На миг ее голос запнулся, взгляд скользнул в сторону, возвратившись к пациенту нехотя, и Курт нахмурился, вопросительно заглянув ей в лицо.

– Что такое? – уточнил он взыскательно. – Что-то припомнила? Есть такое средство, верно?

– Не суетись, – внезапно упавшим голосом осекла хозяйка, оглядывая его пристально и словно бы оценивающе; долгие полминуты в домике стояла тишина, и наконец Нессель выговорила нерешительно и тихо: – Есть средство. Но оно… непростое.

– В каком смысле?

– Во всех. Я говорю не о настойках и мазях, чтоб ты понял. Я говорю о том, что пробуждает в тебе багрянец.
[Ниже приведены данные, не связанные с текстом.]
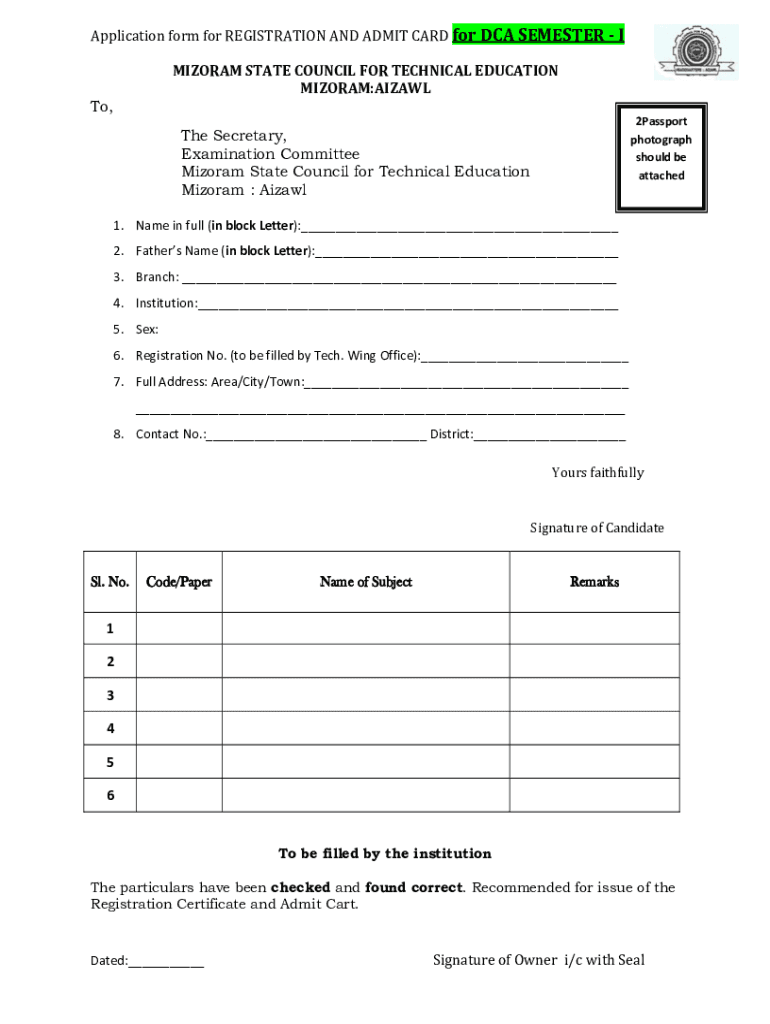Application form for REGISTRATION AND ADMIT CARD for DCA SEMESTER I MIZORAM STATE COUNCIL FOR TECHNICAL EDUCATION MIZORAM:Aigaleo,2Passport photograph should be attached Secretary, Examination Committee

Готов ты поступиться своими воззрениями ради дела, к которому так торопишься?

Курт отозвался не сразу, и тишина вернулась снова, протянувшись еще дольше, еще тягостнее; он смотрел в сторону, но взгляд Нессель на себе ощущал всей кожей – внимательный и настороженный. Если правдой было все сказанное ею, над его головой в эту минуту наверняка вертелся целый вихрь багряных мыслей…

– Это, – заговорил он, наконец, осторожно подбирая тон для каждого произносимого слова, – нечто более серьезное, чем твои веточки и нитки? Я понимаю верно?

– Верно, – кивнула Нессель, уже не отводя взгляда. – Тебе придется мне довериться. Придется открыться. Если попытаешься снова начать эти выкрутасы, не впустить меня, отгородиться – ничего не получится; мало того, может стать лишь хуже, потому что лишит тебя и тех малых сил, что есть сейчас.

– В этом и заключается сложность? – уточнил Курт, и она покачала головой:

– Нет. Не только. Это будет непросто для меня ; во-первых, я этого еще ни на ком не пробовала, и боюсь, что может не удаться. Тогда ты сляжешь еще на неделю.

– Иными словами, я должен тебе раскрыться, зная, что этим самым могу вогнать себя на несколько дней в недуг заново, – подвел итог он. – Однако ж… Ты сказала – это «во-первых». Что во-вторых?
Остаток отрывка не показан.